Segundo Henrique José da Silva a existência de uma colônia francesa de artistas não foi pré-determinada, procurando provar que os artistas, ou missionários, ou professores franceses, vieram para o Brasil sem compromisso algum do governo real, isto é, dirigiram-se espontaneamente de lá para cá.
Ana Mae Barbosa, no seu livro Arte Educação no Brasil, afirma: “o próprio D. João VI procurou fugir à responsabilidade pública de ter oficialmente patrocinado a vinda dos artistas franceses através das autoridades competentes em Paris, dando a entender, no decreto com o qual criou a Academia Real de Ciências, Artes e Ofícios, decreto de 12 de agosto de 1816, que visava aproveitar alguns estrangeiros beneméritos que procuravam a sua proteção”. Aliás, a atitude sempre ambígua de D. João VI frente aos problemas da missão parece ter sido gerada em grande parte pelas pressões exercidas sobre ele pelo cônsul geral francês no Brasil, o cônsul Maler.
A análise dos documentos diplomáticos portugueses relativos a vinda dos artistas franceses para o Brasil em 1816, análise essa, citada por Afonso de E. Taunay, não permite esclarecer as dúvidas levantadas pelo pintor lusitano. Em oficio de 27 de agosto de 1815, oficio n. 17, o Chevalier de Brito relatava ao marquês de Aguiar, ministro de estado. “Deu-se grande emigração de artistas e intelectuais e de tal circunstâncias aproveitaram vários dos soberanos vencedores a fim de angariarem franceses eminentes para as suas terras”.

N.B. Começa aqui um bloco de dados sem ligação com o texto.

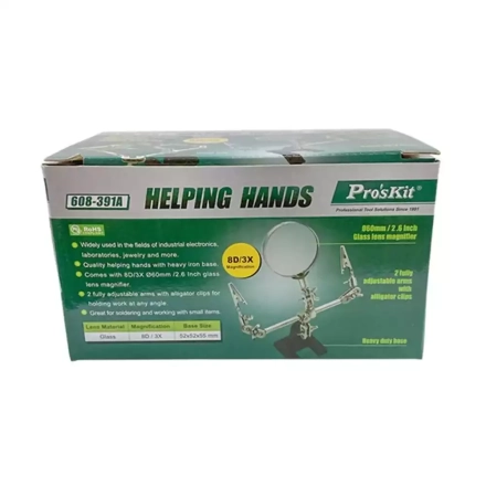 Pro'sKit 608-391A — это удобный держатель типа «третья рука», предназначенный для фиксации печатных плат и мелких компонентов при пайке, ремонте и сборке электроники. Инструмент оснащён увеличительной линзой, которая облегчает работу с мелкими деталями и повышает точность выполнения монтажных операций.
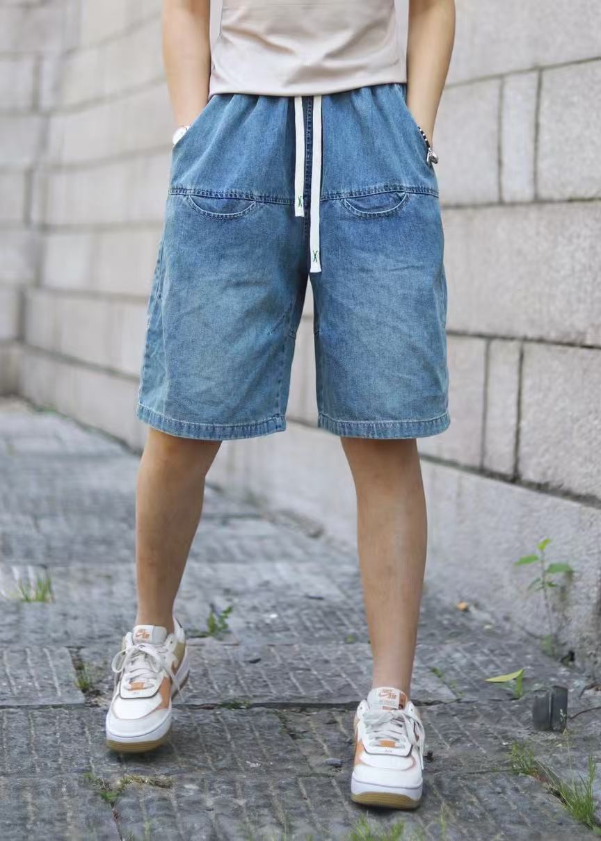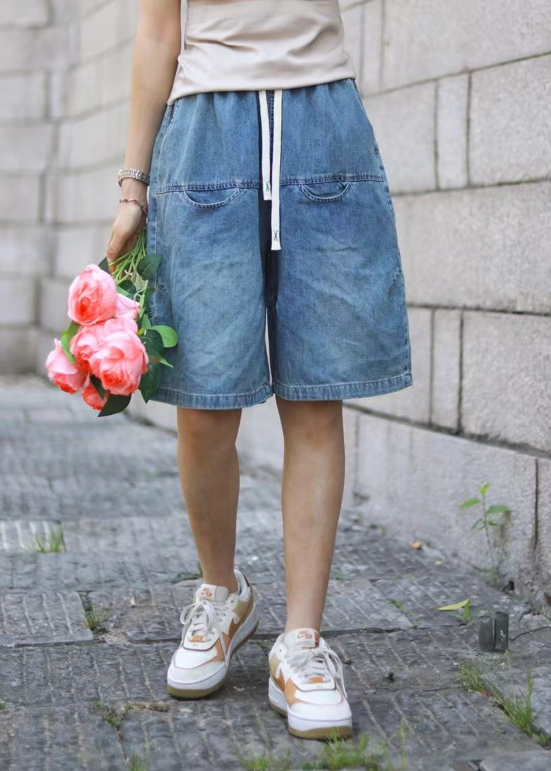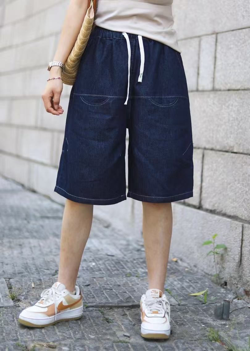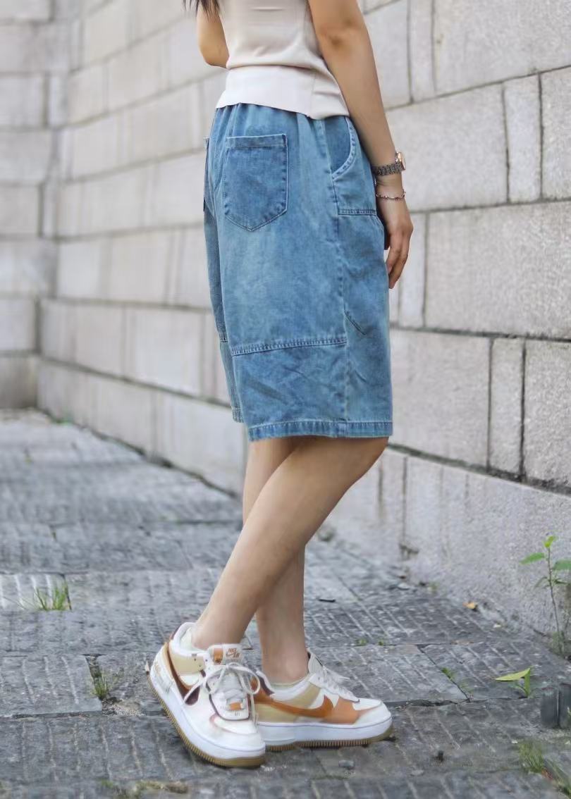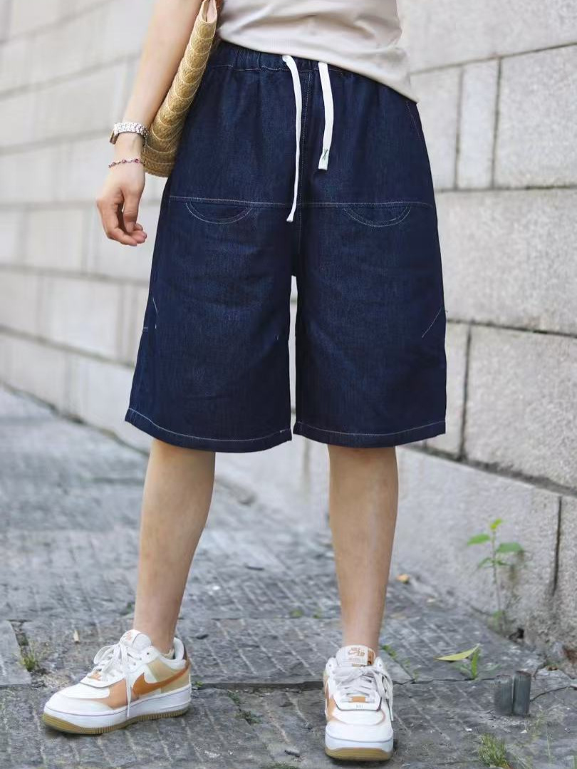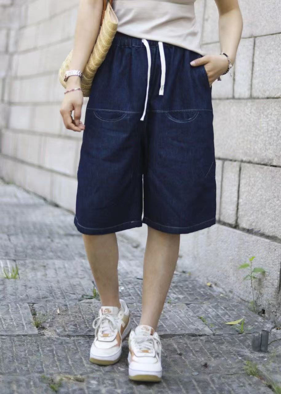 일본 모리 소녀 스타일 2025 여름 신작 복고풍 신축성 있는 허리 레이스 업 워싱 데님 반바지 여성용 5부 바지 스트레이트스토어 가기
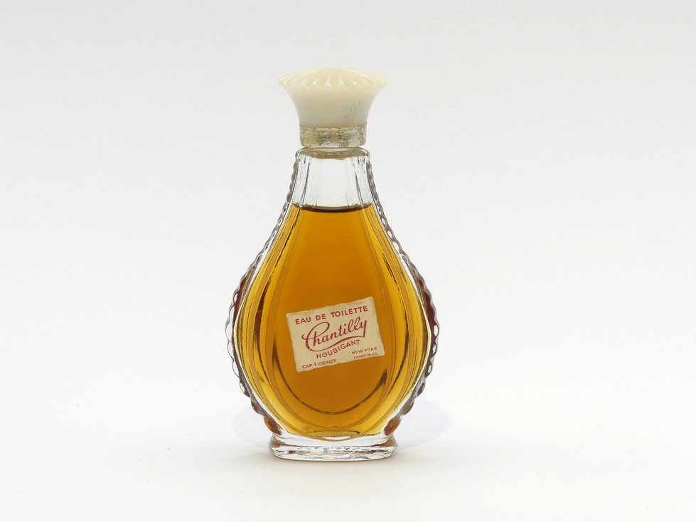 Flacon verre transparent découpe piriforme cotés ciselés assise elliptique – étiquette papier rectangulaire blanche, texte rouge.
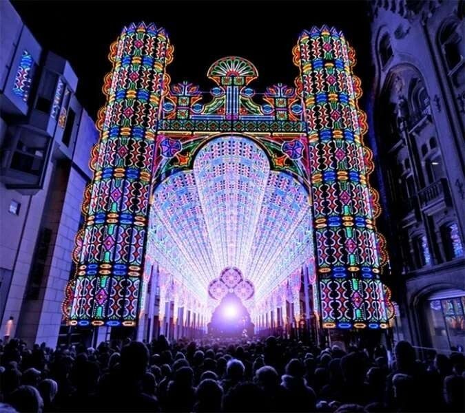 Собор с 50 000 светодиодных фонарей, во время Фестиваля света, Бельгия

Neste mesmo ofício eram relatadas ocorrências curiosas. Segundo Chevalier de Brito, o senhor Lebreton, comunicara ao embaixador, o marquês de Marialva, “que alguns artistas de merecimento e moralidade conhecida, desejavam estabelecer-se no Brasil, mas não tendo meio para custear as passagens e as despesas de instalação, esperavam obter do governo lusitano alguma ajuda de custo e a certeza real”. Como percebemos o documento não é esclarecedor se havia Lebreton recebido à incumbência de organizar um grupo de artistas para se dirigirem ao Brasil, ou se estavam estes, os artistas, procurando refugio e abrigo em terras mais calmas e tranqüilas como o Brasil. Um pouco mais a frente dizia Brito que, graças ao estado deplorável em que ficara a França depois de Waterloo, diariamente lhe pediam franceses para imigrar, “gente que suspirava gozar de repouso que parecia estar ainda distante da velha Europa”. Dizia haver entre os imigrantes “sujeitos eminentes” e assim, pedia instrução para agir.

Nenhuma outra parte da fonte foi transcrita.